Böylesi bir felaketin enkazından bile bir “başarı öyküsü” yaratmak…
Oysa normal ülkelerde normal iktidarlar böylesi felaketlerden sonra yaptıklarıyla övünmezler, yapmadıklarının hesabını verirler.
Oktay önce yıkılan İskenderun Devlet Hastanesi’nin eski bloğunun hesabını vermeli. Depremde yıkılan bu blok için 2012’de deprem raporu hazırlanıyor ve binanın “depreme dayanıksız” olduğu tespit ediliyor.
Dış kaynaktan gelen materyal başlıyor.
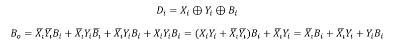 定义Nbit被减数x,减数Y,差为D(difference);来自低bit的借位Bi,想高bit借位Bi+1,i为bit序号。
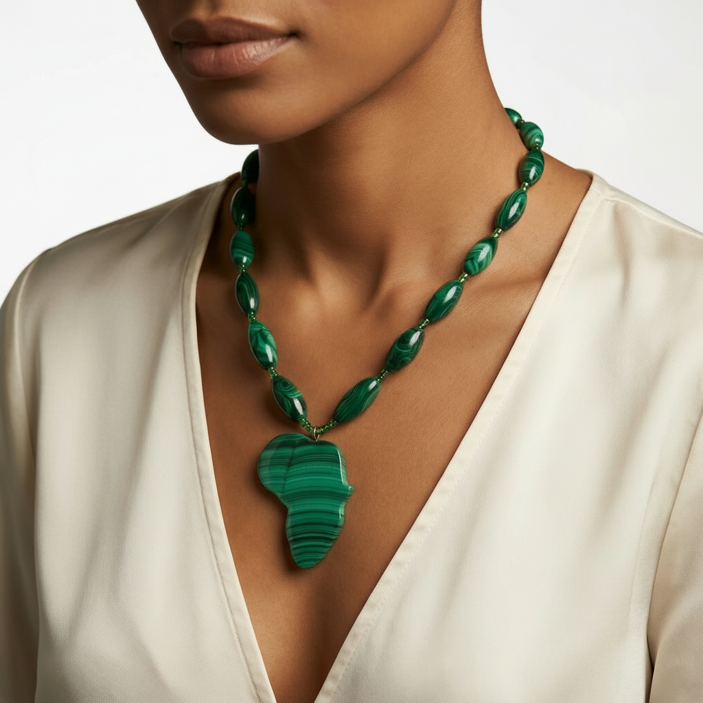 A sequence of polished oval malachite beads leads toward a carved Africa-shaped pendant, creating a measured descent along the neckline. The composition transitions from elongated forms into a defined continental silhouette, maintaining visual balance through controlled spacing and proportion.
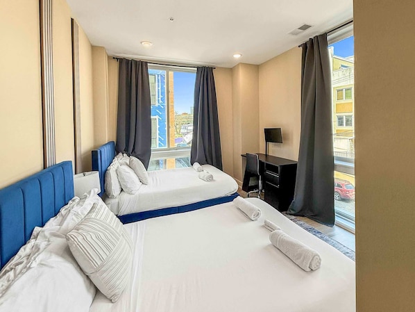 Bedroom 1: Drift into restful sleep in the serene first bedroom, featuring two full-sized beds with premium linens and plush pillows. Generous closet space keeps your belongings organized and accessible.
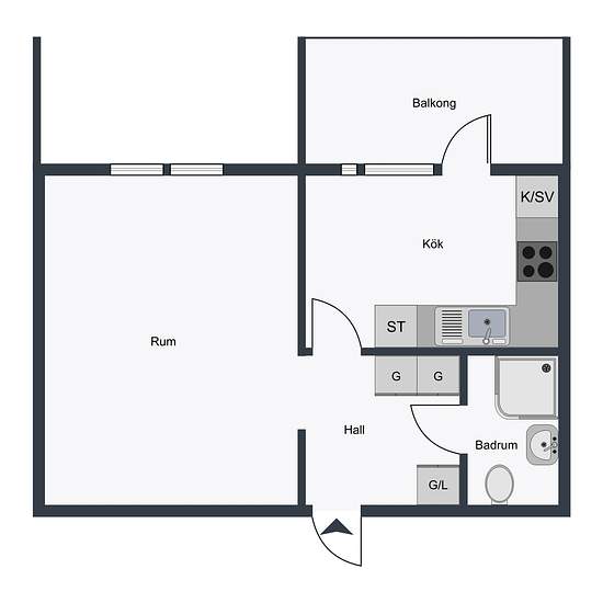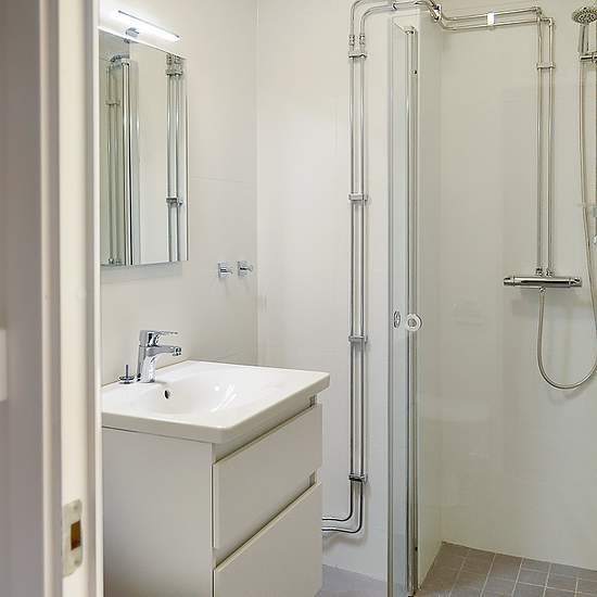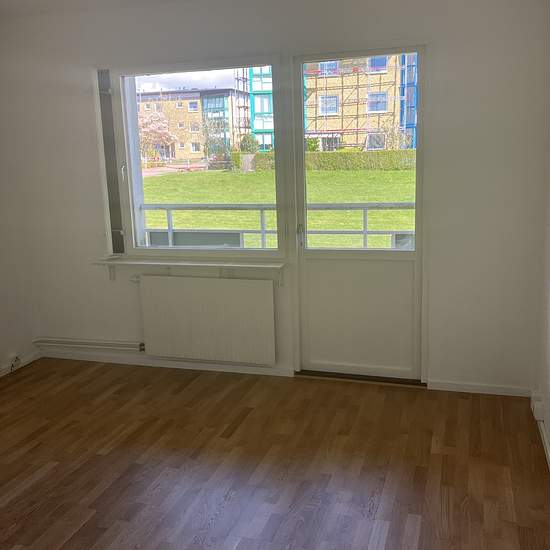 A welcoming hallway with storage in a wardrobe and a linen cupboard. The kitchen is separate and is equipped with a fridge/freezer, and from the kitchen you can access the apartment’s balcony/patio. The living room is spacious and has plenty of room for both a sleeping area and a small sofa set. The area consists of 12 brick buildings. Between the buildings are green inner courtyards with playgrounds and an allotment area. Bicycle storage, a waste/recycling room and laundry rooms are located in six courtyard buildings in the area. All apar...
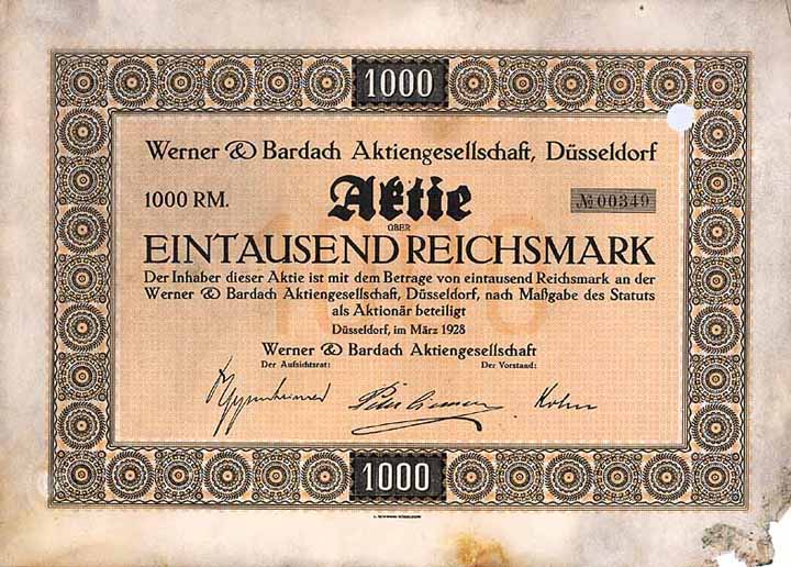 | Previous lot | Back | Next lot | | Lot: | 1894 (Germany until 1945 (Reichsbank)) | | Title: | Werner & Bardach AG | | Details: | Aktie 1.000 RM März 1928 (Auflage 386, R 8, kpl. Aktienneudruck nach Sanierung). | Starting price: | 140,00 EUR | Issuing- date: | 01.03.1928 | Issuing- place: | Düsseldorf | | Picture: |  | | Number: | 356 | | Info: | Gegründet 1922 unter der Firma Werner & Bardach AG, Holz- u. Metallwarenfabrik, 1928 umbenannt wie oben. Hergestellt wurden Badeeinrichtungen, Eisschränke und Kühlanlagen, Spüleinrichtungen, Restaurations- und Ladeneinrichtungen. 1931 Konkurseröffnung. | | Specials: | Lochentwertet (RB). | | Availability: | Nur 15 Stück lagen im Reichsbankschatz. Fleckig. (R 8) | | Condition: | VF-F. | | Sold: | unsold |
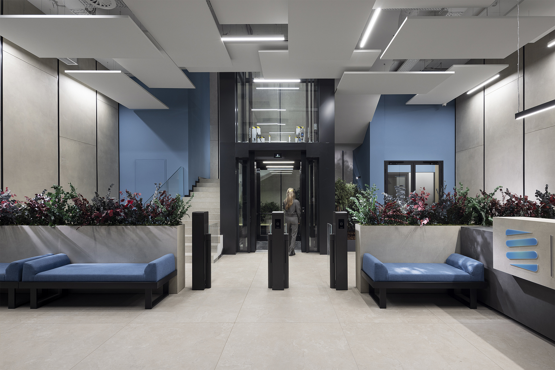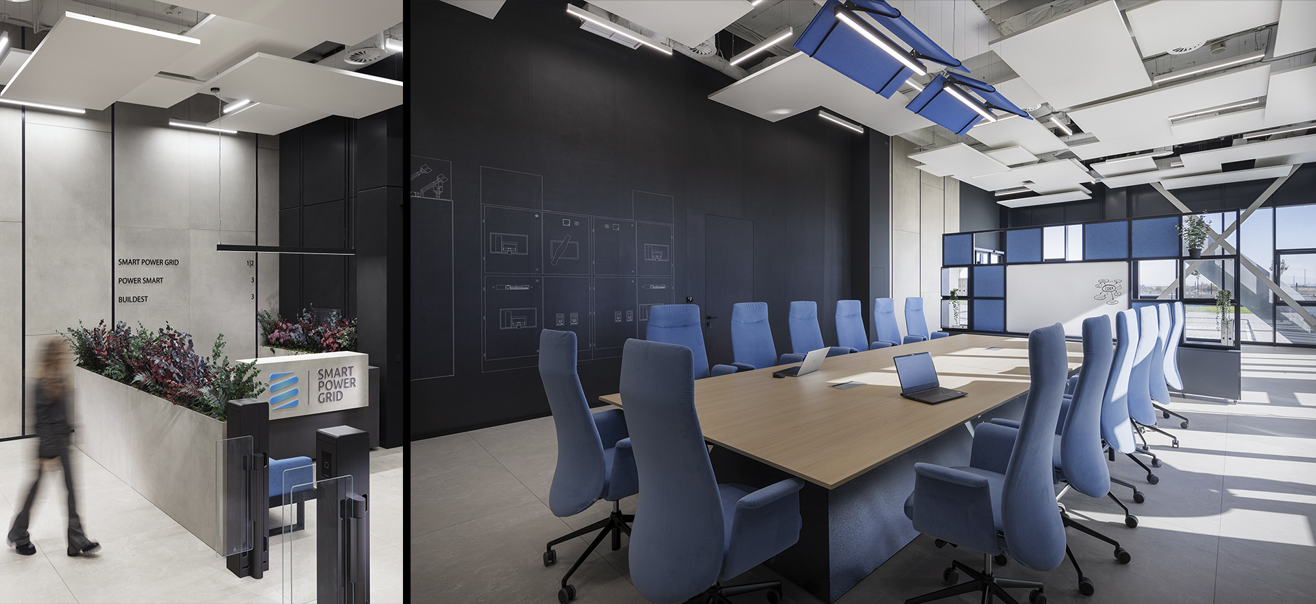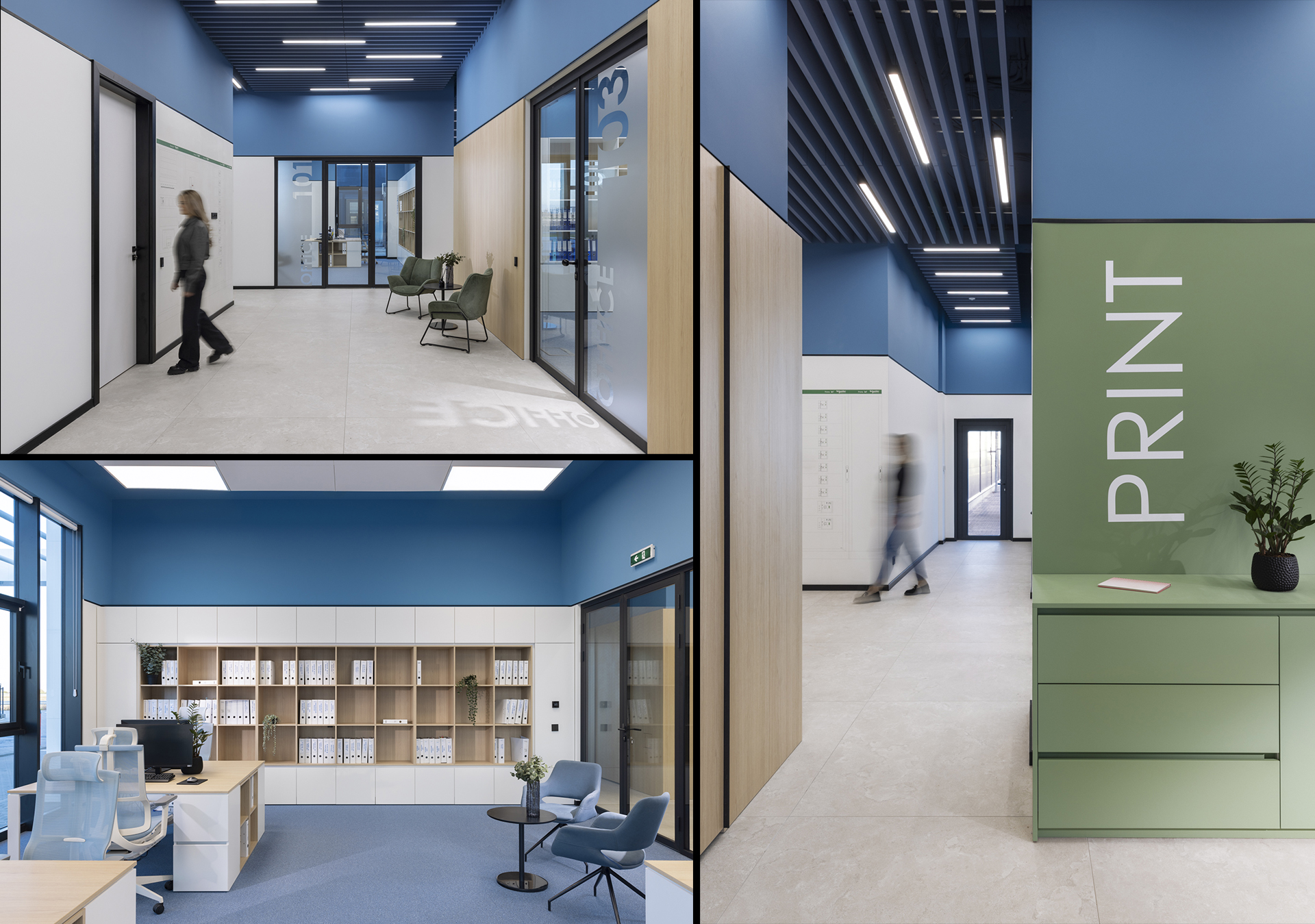 The interior project of the administrative building serving an electrical equipment manufacturing facility in Plovdiv covers a total area of 2,000 sq.m., of which 500 sq.m. are office spaces located within the production hall. The work began during the shell construction phase, allowing us to optimize the architectural layout and, where possible, adapt the engineering systems to the interior design concept. The brief called for a cellular office layout with supporting spaces, including a conference room, dining and relaxation areas, as well as sanitary facilities on each level. The design approach focuses on modular and standardized solutions for each functional unit, while ensuring the required level of acoustic comfort. A key element of the design is the horizontal division of materials and colors, which unifies the visual identity of all levels regardless of the differences in their heights. Visual techniques were employed to emphasize corporate colors and graphic elements related to the activities of the tenant companies. The reception area is designed as a representative space, highlighting the architectural characteristics of the zone, with a strong corporate identity and integrated greenery in the form of preserved natural plants. Ceiling design posed a major challenge due to structural and architectural differences between the levels. In the production area, the precast reinforced concrete elements are intentionally left exposed and complemented with acoustic panels. The top floor, occupied by another company, follows a similar concept, adapted with new color accents and a ceiling solution that provides maximum clear height.

Rapora hastanenin internet sitesinden ulaşabilirsiniz:
Cumhurbaşkanı yardımcısı çürük raporuna rağmen hizmet veren ve yıkılan hastaneyi konuşmak yerine, yeni binaların ayakta kaldığını anlatmayı tercih ediyor.
Çünkü Ahmet Hakan’ın ifadesine göre bunlar “hava cıva”.
Bundan sonra daha çok ölen insanların sayısını değil, enkaz altından kurtarılan insanların sayısını okuyacağız.
Yıkılan yapıları değil, ayakta kalan TOKİ evlerini konuşacağız.
Zamanında müdahaleyle kurtarılacak insanları değil, enkaz altından canlı çıkanları duyacağız.
Çöken iktidarı değil, “dünyanın en büyük felaketinde bile ayakta kalan devletin başarı öyküsünü” dinleyeceğiz.
Ölülerimize ağlamamız yerine, depremin “Allah’ın dayanışma rüzgarını arttıran yeni bir lütfu” olduğunu söyleyip sevinmemizi bile isteyebilirler.